Nothing outside the range below should be printed. Output exactly the lines from the line with "Schön zu sehen" to the line with "NEVER modify or", both included.

[Input data]

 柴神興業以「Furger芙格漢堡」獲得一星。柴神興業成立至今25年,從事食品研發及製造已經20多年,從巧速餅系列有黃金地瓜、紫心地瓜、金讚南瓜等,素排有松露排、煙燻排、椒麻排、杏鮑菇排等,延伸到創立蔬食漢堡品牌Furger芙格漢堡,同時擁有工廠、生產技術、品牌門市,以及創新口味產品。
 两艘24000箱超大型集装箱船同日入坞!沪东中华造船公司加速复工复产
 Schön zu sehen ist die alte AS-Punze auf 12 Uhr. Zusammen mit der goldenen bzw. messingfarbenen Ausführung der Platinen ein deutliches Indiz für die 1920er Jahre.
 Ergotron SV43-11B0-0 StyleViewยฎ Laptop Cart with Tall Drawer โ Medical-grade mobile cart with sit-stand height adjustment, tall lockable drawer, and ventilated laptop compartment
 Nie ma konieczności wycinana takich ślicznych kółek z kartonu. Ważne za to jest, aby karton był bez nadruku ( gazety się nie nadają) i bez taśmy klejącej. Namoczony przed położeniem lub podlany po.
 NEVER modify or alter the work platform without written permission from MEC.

[/Input data]
[Input data]

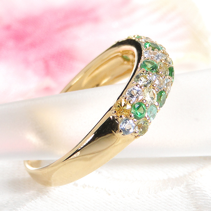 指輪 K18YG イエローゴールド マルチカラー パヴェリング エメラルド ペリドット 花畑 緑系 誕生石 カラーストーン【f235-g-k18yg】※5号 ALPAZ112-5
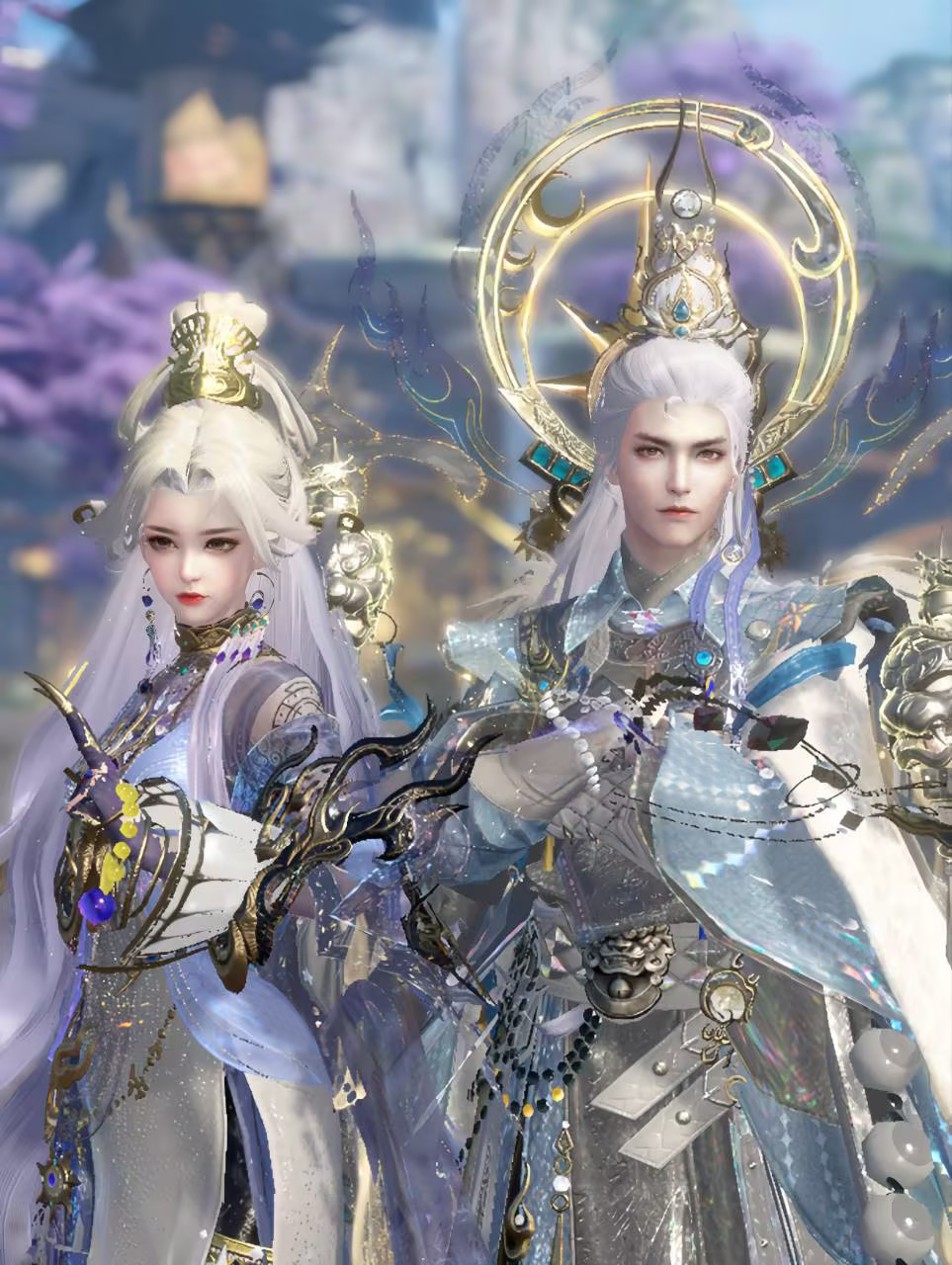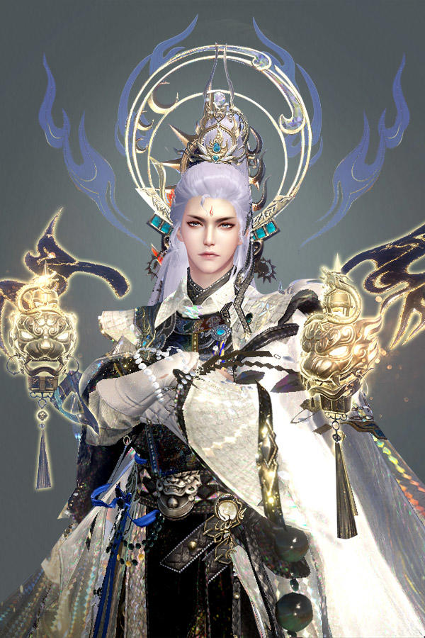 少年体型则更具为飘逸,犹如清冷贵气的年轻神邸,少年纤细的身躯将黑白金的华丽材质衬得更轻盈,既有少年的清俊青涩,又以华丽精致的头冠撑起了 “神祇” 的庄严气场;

[/Input data]
[Input data]

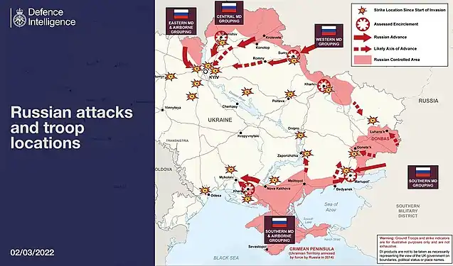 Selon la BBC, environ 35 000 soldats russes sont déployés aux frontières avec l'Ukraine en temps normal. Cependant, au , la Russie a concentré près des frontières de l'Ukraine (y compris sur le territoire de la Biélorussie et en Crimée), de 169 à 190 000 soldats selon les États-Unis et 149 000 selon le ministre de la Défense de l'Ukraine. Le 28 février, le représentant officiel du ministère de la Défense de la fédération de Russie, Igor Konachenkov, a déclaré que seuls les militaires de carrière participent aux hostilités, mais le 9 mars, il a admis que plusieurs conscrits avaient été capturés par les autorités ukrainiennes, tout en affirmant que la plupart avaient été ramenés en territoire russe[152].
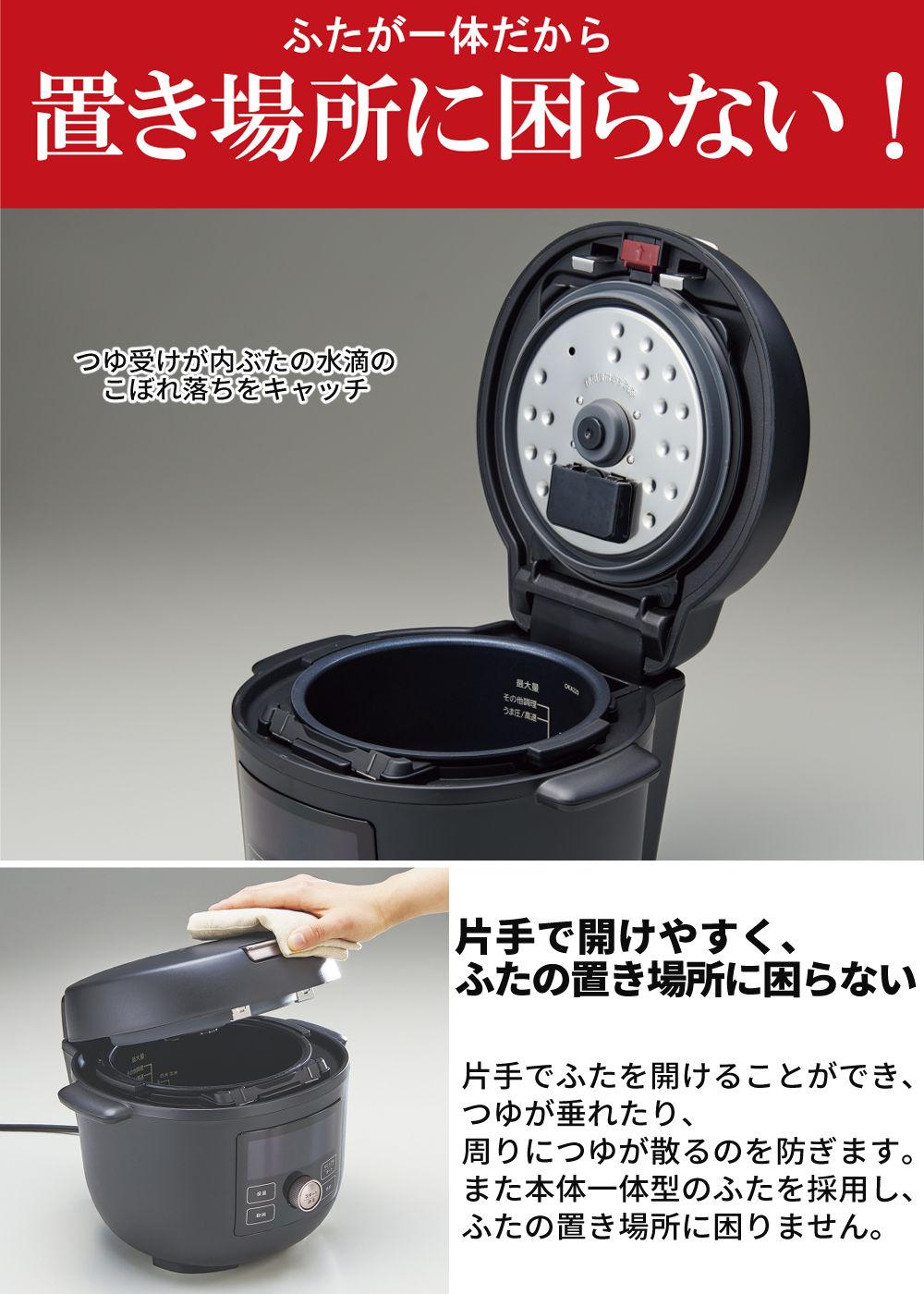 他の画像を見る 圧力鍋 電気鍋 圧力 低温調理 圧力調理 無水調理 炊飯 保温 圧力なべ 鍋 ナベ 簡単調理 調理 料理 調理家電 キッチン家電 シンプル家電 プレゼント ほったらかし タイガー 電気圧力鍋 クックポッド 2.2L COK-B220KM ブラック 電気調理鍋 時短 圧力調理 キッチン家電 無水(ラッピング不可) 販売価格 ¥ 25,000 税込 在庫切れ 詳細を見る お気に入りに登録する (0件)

[/Input data]

» **Finished task**
 Schön zu sehen ist die alte AS-Punze auf 12 Uhr. Zusammen mit der goldenen bzw. messingfarbenen Ausführung der Platinen ein deutliches Indiz für die 1920er Jahre.
 Ergotron SV43-11B0-0 StyleViewยฎ Laptop Cart with Tall Drawer โ Medical-grade mobile cart with sit-stand height adjustment, tall lockable drawer, and ventilated laptop compartment
 Nie ma konieczności wycinana takich ślicznych kółek z kartonu. Ważne za to jest, aby karton był bez nadruku ( gazety się nie nadają) i bez taśmy klejącej. Namoczony przed położeniem lub podlany po.
 NEVER modify or alter the work platform without written permission from MEC.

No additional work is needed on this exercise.